TASK INSTRUCTIONS:
In your copy, reproduce each entry exactly and leave out the pictures.

Data entries:
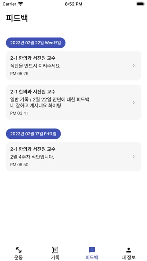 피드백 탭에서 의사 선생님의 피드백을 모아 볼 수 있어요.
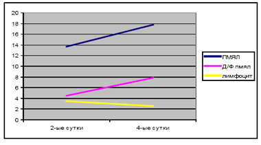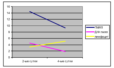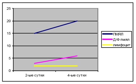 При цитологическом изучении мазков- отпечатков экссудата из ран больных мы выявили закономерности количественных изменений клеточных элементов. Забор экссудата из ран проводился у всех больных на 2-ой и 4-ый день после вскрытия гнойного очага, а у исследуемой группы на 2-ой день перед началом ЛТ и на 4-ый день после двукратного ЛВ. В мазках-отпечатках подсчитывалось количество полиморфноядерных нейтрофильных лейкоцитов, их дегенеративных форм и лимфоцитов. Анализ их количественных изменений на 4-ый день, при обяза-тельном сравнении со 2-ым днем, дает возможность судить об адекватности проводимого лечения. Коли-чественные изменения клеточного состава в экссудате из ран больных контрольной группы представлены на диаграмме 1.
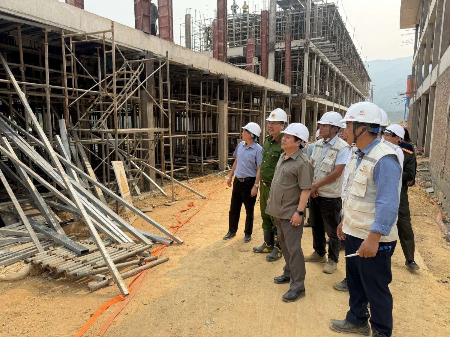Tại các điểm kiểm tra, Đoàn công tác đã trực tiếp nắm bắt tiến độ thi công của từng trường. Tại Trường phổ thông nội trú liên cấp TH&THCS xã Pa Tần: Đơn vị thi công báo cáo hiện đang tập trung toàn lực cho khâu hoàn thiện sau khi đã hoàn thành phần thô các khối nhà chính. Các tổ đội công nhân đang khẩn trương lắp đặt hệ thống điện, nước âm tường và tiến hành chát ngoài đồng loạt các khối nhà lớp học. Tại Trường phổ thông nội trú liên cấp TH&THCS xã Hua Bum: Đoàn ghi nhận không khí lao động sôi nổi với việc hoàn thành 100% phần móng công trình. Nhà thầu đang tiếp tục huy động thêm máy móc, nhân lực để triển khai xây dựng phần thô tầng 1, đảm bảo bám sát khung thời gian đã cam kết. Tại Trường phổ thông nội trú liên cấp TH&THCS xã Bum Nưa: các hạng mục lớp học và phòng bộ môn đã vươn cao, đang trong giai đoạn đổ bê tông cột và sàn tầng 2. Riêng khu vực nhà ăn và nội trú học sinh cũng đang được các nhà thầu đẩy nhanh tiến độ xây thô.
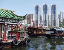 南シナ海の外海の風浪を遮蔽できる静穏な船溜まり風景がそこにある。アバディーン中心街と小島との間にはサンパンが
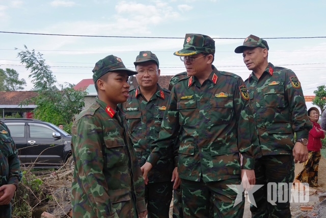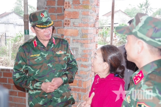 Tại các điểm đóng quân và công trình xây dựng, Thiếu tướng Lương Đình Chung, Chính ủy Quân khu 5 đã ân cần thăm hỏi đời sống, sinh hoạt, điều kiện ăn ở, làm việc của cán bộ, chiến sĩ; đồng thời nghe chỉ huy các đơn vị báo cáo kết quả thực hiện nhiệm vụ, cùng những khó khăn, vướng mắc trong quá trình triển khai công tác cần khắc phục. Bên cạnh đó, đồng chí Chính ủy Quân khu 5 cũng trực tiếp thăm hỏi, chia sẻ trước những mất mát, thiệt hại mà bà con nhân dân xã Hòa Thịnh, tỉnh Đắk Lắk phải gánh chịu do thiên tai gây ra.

RESULT OF THIS TASK:
 피드백 탭에서 의사 선생님의 피드백을 모아 볼 수 있어요.
 При цитологическом изучении мазков- отпечатков экссудата из ран больных мы выявили закономерности количественных изменений клеточных элементов. Забор экссудата из ран проводился у всех больных на 2-ой и 4-ый день после вскрытия гнойного очага, а у исследуемой группы на 2-ой день перед началом ЛТ и на 4-ый день после двукратного ЛВ. В мазках-отпечатках подсчитывалось количество полиморфноядерных нейтрофильных лейкоцитов, их дегенеративных форм и лимфоцитов. Анализ их количественных изменений на 4-ый день, при обяза-тельном сравнении со 2-ым днем, дает возможность судить об адекватности проводимого лечения. Коли-чественные изменения клеточного состава в экссудате из ран больных контрольной группы представлены на диаграмме 1.
Tại các điểm kiểm tra, Đoàn công tác đã trực tiếp nắm bắt tiến độ thi công của từng trường. Tại Trường phổ thông nội trú liên cấp TH&THCS xã Pa Tần: Đơn vị thi công báo cáo hiện đang tập trung toàn lực cho khâu hoàn thiện sau khi đã hoàn thành phần thô các khối nhà chính. Các tổ đội công nhân đang khẩn trương lắp đặt hệ thống điện, nước âm tường và tiến hành chát ngoài đồng loạt các khối nhà lớp học. Tại Trường phổ thông nội trú liên cấp TH&THCS xã Hua Bum: Đoàn ghi nhận không khí lao động sôi nổi với việc hoàn thành 100% phần móng công trình. Nhà thầu đang tiếp tục huy động thêm máy móc, nhân lực để triển khai xây dựng phần thô tầng 1, đảm bảo bám sát khung thời gian đã cam kết. Tại Trường phổ thông nội trú liên cấp TH&THCS xã Bum Nưa: các hạng mục lớp học và phòng bộ môn đã vươn cao, đang trong giai đoạn đổ bê tông cột và sàn tầng 2. Riêng khu vực nhà ăn và nội trú học sinh cũng đang được các nhà thầu đẩy nhanh tiến độ xây thô.
 南シナ海の外海の風浪を遮蔽できる静穏な船溜まり風景がそこにある。アバディーン中心街と小島との間にはサンパンが
 Tại các điểm đóng quân và công trình xây dựng, Thiếu tướng Lương Đình Chung, Chính ủy Quân khu 5 đã ân cần thăm hỏi đời sống, sinh hoạt, điều kiện ăn ở, làm việc của cán bộ, chiến sĩ; đồng thời nghe chỉ huy các đơn vị báo cáo kết quả thực hiện nhiệm vụ, cùng những khó khăn, vướng mắc trong quá trình triển khai công tác cần khắc phục. Bên cạnh đó, đồng chí Chính ủy Quân khu 5 cũng trực tiếp thăm hỏi, chia sẻ trước những mất mát, thiệt hại mà bà con nhân dân xã Hòa Thịnh, tỉnh Đắk Lắk phải gánh chịu do thiên tai gây ra.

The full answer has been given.